Read Clothes, Clothes, Clothes. Music, Music, Music. Boys, Boys, Boys. Online
Authors: Viv Albertine
Tags: #Biography & Autobiography, #Entertainment & Performing Arts
I sense utter madness, blind rage and a very practised hand, and decide with a calmness that is necessary for survival not to make a sound. Not to move a muscle. I go completely limp and acquiesce. You don’t argue with crazy. And I don’t want to give him one tiny reason to beat me to a pulp.
So this is how I come to find myself, a middle-aged mother of a twelve-year-old girl – wearing a stripy blue-and-white sailor-style Sonia Rykiel cardigan with an appliquéd red silk heart on it, knee-length red linen skirt cut on the bias, bare legs, hair in a scruffy ponytail and blue Havaiana flipflops – on my knees, with my face pressed on the floor, in a poky bedsit above a Chinese takeaway in Camden Town, held down by a man fifteen years younger than me who has the strength and unpredictability of a lunatic. A man I’ve introduced to my mother and my daughter, cooked for, laughed with, worn my best dress for and attempted to amuse.

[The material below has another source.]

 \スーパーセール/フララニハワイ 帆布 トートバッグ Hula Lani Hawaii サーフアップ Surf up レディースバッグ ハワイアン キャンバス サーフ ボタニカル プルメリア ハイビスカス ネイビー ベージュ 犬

Jeez, there’s just no pleasing some people
.
Because I feel that to struggle will ignite his blood lust even more, all I can do is stay alert and grab the opportunity, if it arises, to escape. I’m playing each second as it comes, all my senses heightened like a trapped animal. But then he does something even more unexpected, although he has me under control, at his mercy, making no noise, offering no resistance, he jerks my head up and twists it into a vicelike headlock, digging his fist into my eye and cutting off my breathing by clamping his forearm around my throat. Uh-oh. Now we’re entering even darker territory.

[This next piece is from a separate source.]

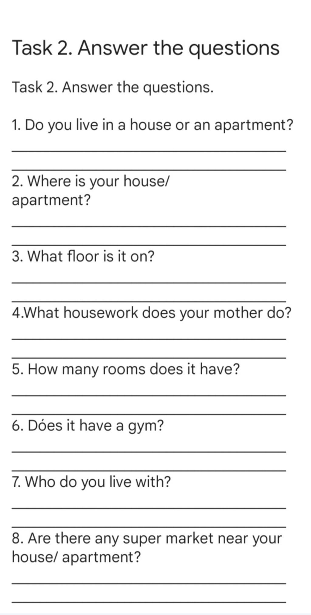 trả lời : I live in a house / I live in an apartment.

This is it, I’m going to get my head kicked in
.
My beautiful innocent daughter’s face floats into my mind. I see her soft peachy skin, big round green eyes, button nose and rosebud mouth, and I feel ashamed. I talk to her across the ether,
I’m so sorry, baby. So sorry that your mother is so stupid. I’ve let you down. If I get out of this alive, you will always come first and I will never put you at risk of losing me again. I love you, darling
.
I steel myself and wait for the blows.
They don’t come. He lets go. I see the madness drain from his face, like someone’s stuck a straw in a coconut and sucked out the juice. He’s completely calm. I’m not. I’m furious. Now I know the danger has passed, I explode. ‘I knew it! I knew you were a violent nutter!’ He wants me to sit down and talk about it but I want to get out of there as quickly as possible. I fly down the stairs, out onto the street and home.
It takes three days until I start to shake. Three days for it to become real to me. Until then, I go about my life as if nothing’s happened.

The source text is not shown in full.